Webrtc Real Time API with microcontroller

Hi! In the Day 9 demo, we saw a stuffed animal with a microcontroller consuming the WebRTC Real-Time API (link: YouTube Live).

Could you provide more details about the overall architecture? For example, is there a local server involved (like Node.js), or does the microcontroller connect directly to the API?

Also, would this be feasible to implement on an ESP32?

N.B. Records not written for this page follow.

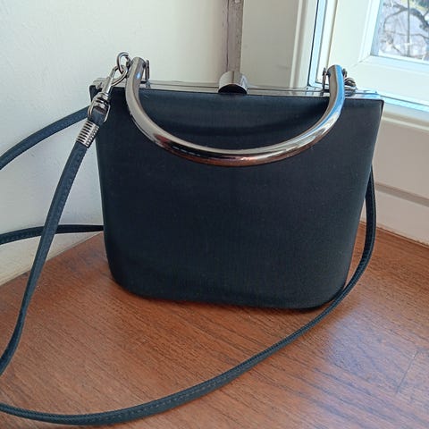 Musta iltalaukku, toimivalla ja jämäkällä kiinnityksellä. Lukko-osa kaunis yksityiskohta.
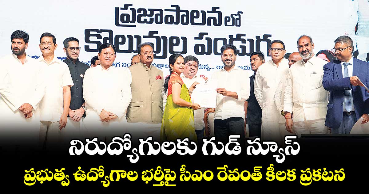 ఏయే శాఖల్లో ఖాళీలు ఉన్నాయో స్వయంగా వివరాలు తెప్పించుకొని జాబ్ క్యాలెండర్ ద్వారా భర్తీ చేస్తున్నారని వివరించారు. ఈ కార్యక్రమంలో మంత్రి అజారుద్దీన్, ప్రభుత్వ సలహాదారులు వేం నరేందర్రెడ్డి, షబ్బీర్ అలీ, ఎంపీ అనిల్ కుమార్ యాదవ్, జీహెచ్ఎంసీ మేయర్ గద్వాల విజయలక్ష్మి, విప్ ఆది శ్రీనివాస్, ఎమ్మెల్యేలు అరెకపూడి గాంధీ, కాలే యాదయ్య, ఎమ్మెల్సీ బల్మూరి వెంకట్, సీఎస్ రామకృష్ణారావు తదితరులు పాల్గొన్నారు.
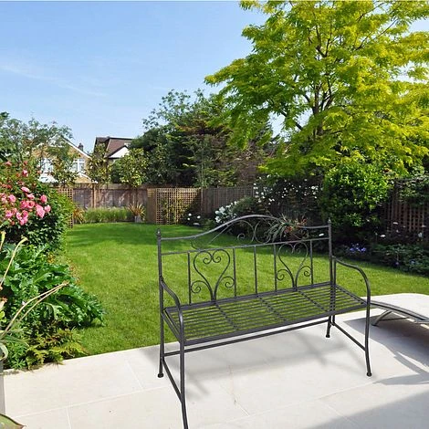 The stylish finish gives this unit an appeal that none of your friends or family can turn down. This charming bench creates an inviting spot in any garden for you to sit and appreciate your surroundings. Featuring a traditional heart design, finished in matt black paint it offers suitable protection to the weather and the elements. Its elegant, yet simple, design allow it to provide a much needed solution to many different garden and patio areas. Offering an effective design the seat can fold down and the ends fold in, allowing the bench to fold flat for easy and convenient storage.
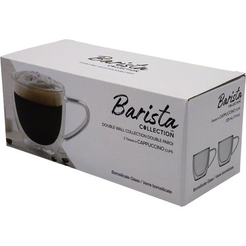 The Barista Cappuccino Mugs from Safdie & Co are made from hand blown borosilicate glass. Hand blowing from high quality makes these double walled glasses thinner, lighter and capable of withstanding thermal shock.
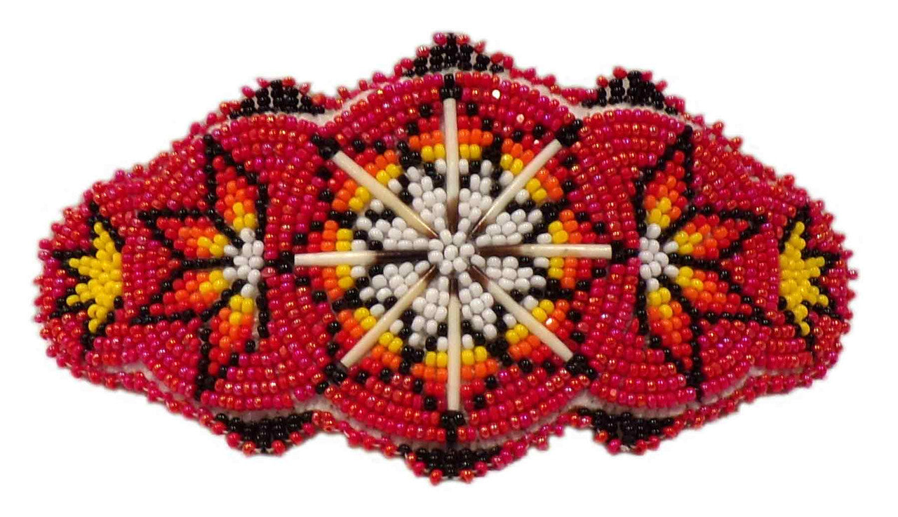 Native American Hand Beaded Hair Barrette: Vibrant Red
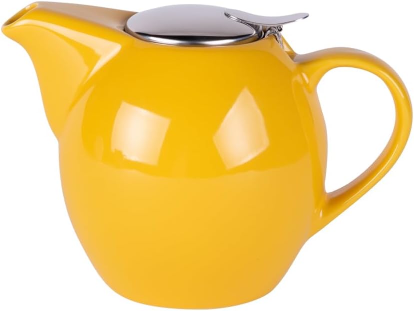 Théière boule en céramique jaune d’une capacité de 500 ml, équipée d’un filtre amovible, idéale pour l’infusion des thés en feuilles et des tisanes. Sa forme ronde favorise une circulation homogène de l’eau, permettant une extraction régulière des arômes. La céramique offre une bonne inertie thermique, aidant à maintenir la température pendant l’infusion et à préserver les saveurs. Le filtre amovible facilite le service sans résidus et simplifie l’utilisation au quotidien. Avec sa contenance de 500 ml, cette théière convient parfaitement pour deux à trois tasses, aussi bien pour un usage individuel que pour un moment partagé. Sa couleur jaune apporte une touche lumineuse et chaleureuse à la table, tandis que son design simple et fonctionnel s’intègre facilement dans tous les styles de service à thé.
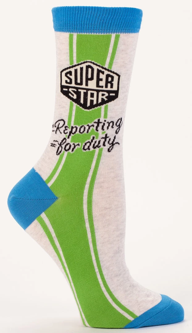 These socks are super cute and comfortable. The ‘Superstar Reporting For Duty’ print is adorable and always puts a smile on my face. The quality is great, and they wash well without losing their shape or color.
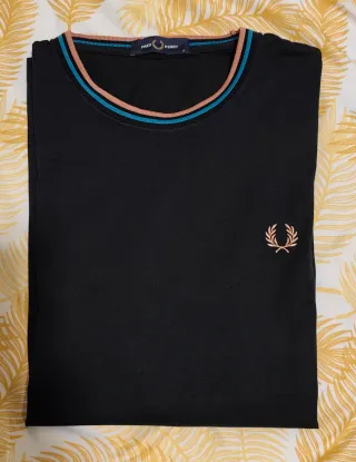 Camiseta de manga corta Fred Perry en coloe azul marino. Presenta un detalle de rayas en el cuello y mangas. - Cuello redondo con doble ribete. - Logo de laurel bordado en el pecho.
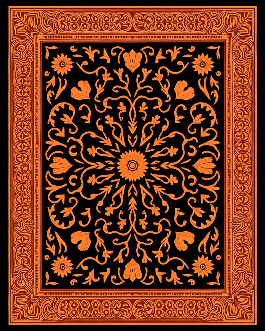 Flower Garden with Swirling Vine (Black)
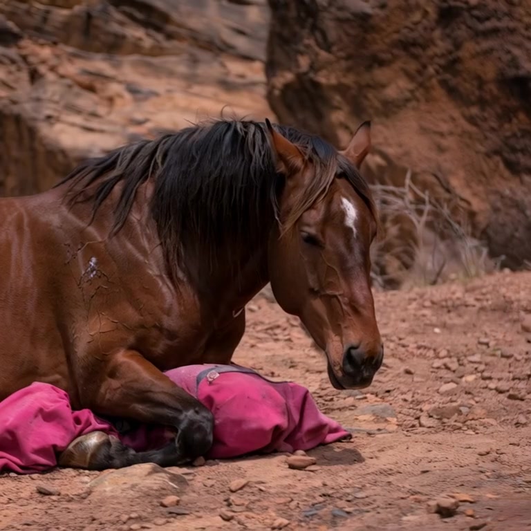 The stallion was injured, his shoulder bloodied, but he wasn’t helpless. His massive body curved protectively over something hidden beneath him. When the rescuers moved closer, he pinned his ears and refused to move. It wasn’t until he shifted, with great effort, that the truth was revealed. Beneath the horse lay a human infant—wrapped in a pink blanket, weak but alive.
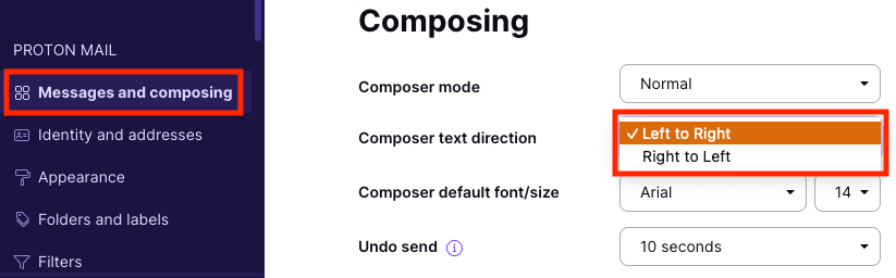 You can also set a default composer text direction in your Proton Mail account.
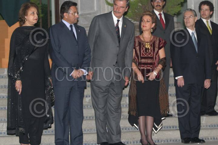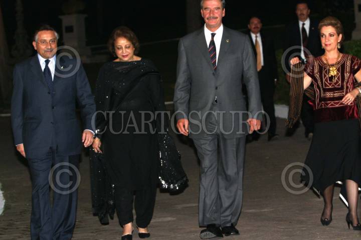 MEXICO, D.F. 02DICIEMBRE2004.- Pervez Musharraf, presidente de la república Islámica de Pakistan y su esposa Sehba Musharraf junto con el Presidente de México, Vicente Fox Quesada y su esposa Marta Sahagún a su llegada a la residencia oficial de los Pinos. FOTO:Eunice Adorno_CUARTOSCURO.COM
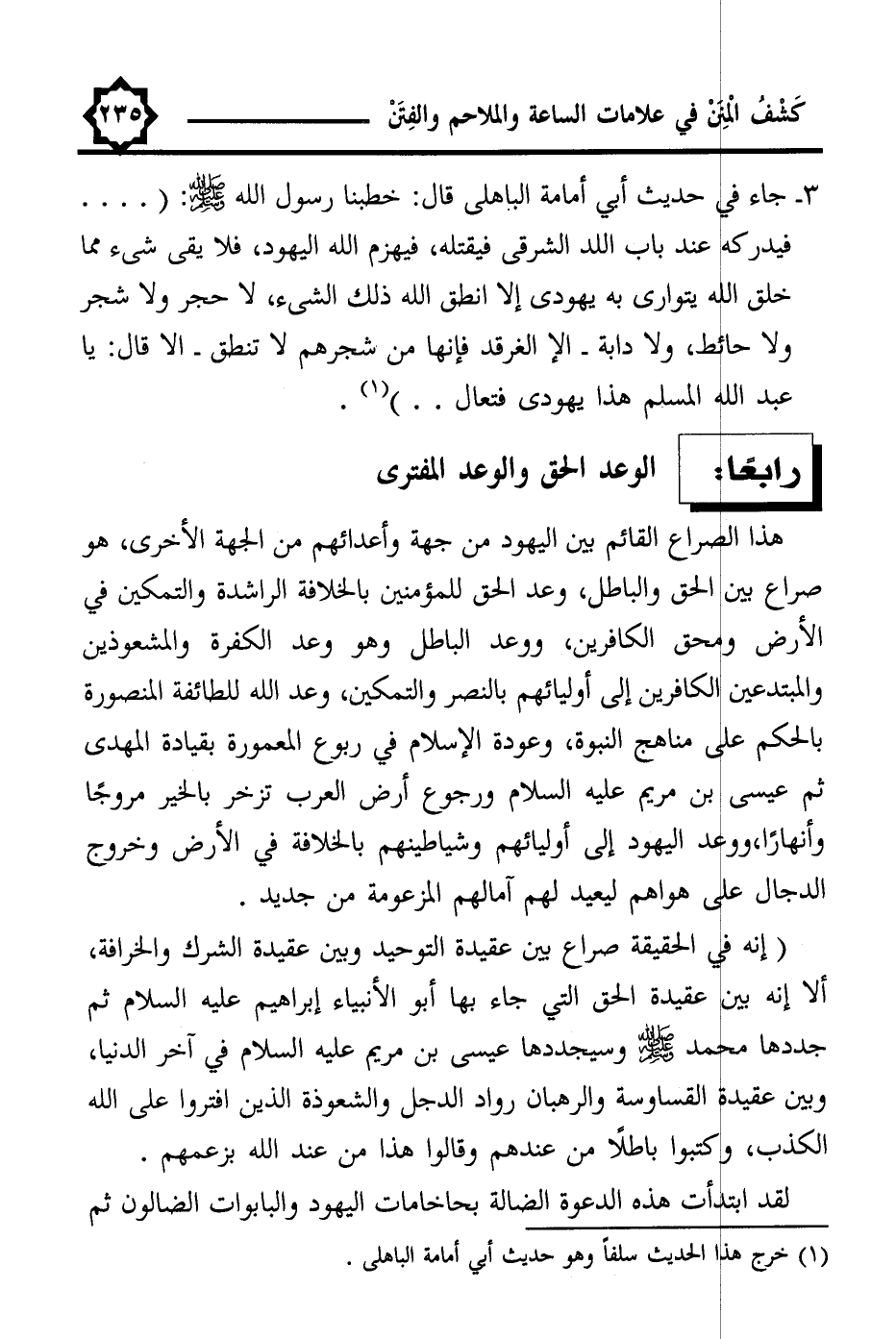 هذا الصراع القائم بين اليهود من جهة وأعدائهم من الجهة الأخرى، هو صراع بين الحق والباطل، وعد الحق للمؤمنين بالخلافة الراشدة والتمكين في الأرض ومحق الكافرين، ووعد الباطل وهو وعد الكفرة والمشعوذين والمبتدعين الكافرين إلى أوليائهم بالنصر والتمكين، وعد اللَّه للطائفة المنصورة بالحكم على مناهج النبوة، وعودة الإسلام في ربوع المعمورة بقيادة المهدى ثم عيسى بن مريم عليه السلام ورجوع أرض العرب تزخر بالخير مروجًا وأنهارًا، ووعد اليهود إلى أوليائهم وشياطينهم بالخلافة في الأرض وخروج الدجال على هواهم ليعيد لهم آمالهم المزعومة من جديد.

Any examples you can share would be greatly appreciated.

Thanks!

2 Likes

we just published the source code for this!

5 Likes

Thanks!
I will try to adapt your code for this ESP32 S3 Radio I have and post here if I success

1 Like

Will have to try this on an RP100.

I’m really hoping this will work @olivier.ros - please tag me as soon as you get it working, along with the steps to recreate it :open_hands: :yellow_heart:

@vitaliy.hayda @olivier.ros @Foxalabs I would love to make this platform agnostic! If you want to put up your WIP PRs I will make sure this ends up be something usable for everyone :slight_smile:

1 Like

I did a lib for Arduino to access ChatGPT back in 3.5 days :smiley: Was a fun little task, hopefully will get some spare time over the holidays to go experiment with realtime on a bunch of hardware in my dev cave.

1 Like

I made it work on the ESP32 S3 Muse Radio but it’s picking up it’s own response, I think webrtc has built-in noise cancellation but how to activate it?

1 Like

I’ve ordered these components from M5stack. Hopefully, that’s enough to try to replicate this :slight_smile:

  • Atomic Echo Base with Microphone and Speaker
  • ATOMS3R Development Kit with 0.85-inch Screen (8MB PSRAM)

m5stack [dot] com

(not sponsored or work for them)

I have tried the demo in the link above. I had difficulty getting it to recognize what I am saying (speaking in English). I notice it is set for a sample rate 8Khz. From my understanding the recommended sample rate for pcm16 is 24KHz with websockets. I thought this was the sample rate that the speech recognition model was trained for. From past testing I have had not had much success at 8Khz using pcm16. What is the optimum sample rate and settings with the opus codec. Also, the websocket documentation does not list the opus codec. Can opus only be used with webrtc?